Kth Smallest Element in BST in DSA Typescript - Time & Space Complexity

We want to know how long it takes to find the kth smallest value in a Binary Search Tree (BST).

This helps us understand how the search time grows as the tree or k grows.

Analyze the time complexity of the following code snippet.

function kthSmallest(root: TreeNode | null, k: number): number {
  let count = 0;
  let result = -1;

  function inorder(node: TreeNode | null) {
    if (!node || result !== -1) return;
    inorder(node.left);
    count++;
    if (count === k) {
      result = node.val;
      return;
    }
    inorder(node.right);
  }

  inorder(root);
  return result;
}
    

This code does an in-order traversal of the BST to find the kth smallest element.

Identify the loops, recursion, array traversals that repeat.

• Primary operation: Recursive in-order traversal visiting nodes.
• How many times: Visits nodes until the kth smallest is found, up to k times in best case, up to n times in worst case.

As the tree size (n) grows, the number of nodes visited depends on k and tree shape.

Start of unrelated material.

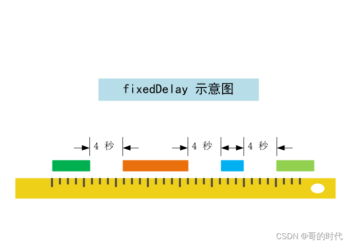 它的间隔时间是根据上次的任务结束的时候开始计时的,只要盯紧上一次执行结束的时间即可,跟任务逻辑的执行时间无关,两个轮次的间隔距离是固定的。
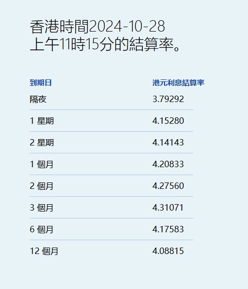 10月28日,港元拆息多数偏软,其中,隔夜拆息结束两连升,报3.79292%,而与楼按相关的一个月拆息亦微降3基点至4.20833%,为9月27日后最低。

Input Size (n)	Approx. Operations (nodes visited)
10	Up to 10 (if k=10), or fewer if k smaller
100	Up to 100 (if k=100), or fewer if k smaller
1000	Up to 1000 (if k=1000), or fewer if k smaller

Pattern observation: The work grows roughly with k, but cannot exceed n (total nodes).

Time Complexity: O(h + k)

This means the time depends on the tree height (h) plus how many nodes we visit until kth smallest.

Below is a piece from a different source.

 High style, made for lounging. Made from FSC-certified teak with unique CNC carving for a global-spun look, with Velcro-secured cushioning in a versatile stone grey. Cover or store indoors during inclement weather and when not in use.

[X] Wrong: "The time is always O(n) because we might visit all nodes."

[OK] Correct: Actually, we stop once we find the kth smallest, so if k is small, we visit fewer nodes, making it faster than visiting all.

Understanding this time complexity shows you can analyze recursive tree traversals and how stopping early affects performance.

"What if the BST is balanced vs completely skewed? How would the time complexity change?"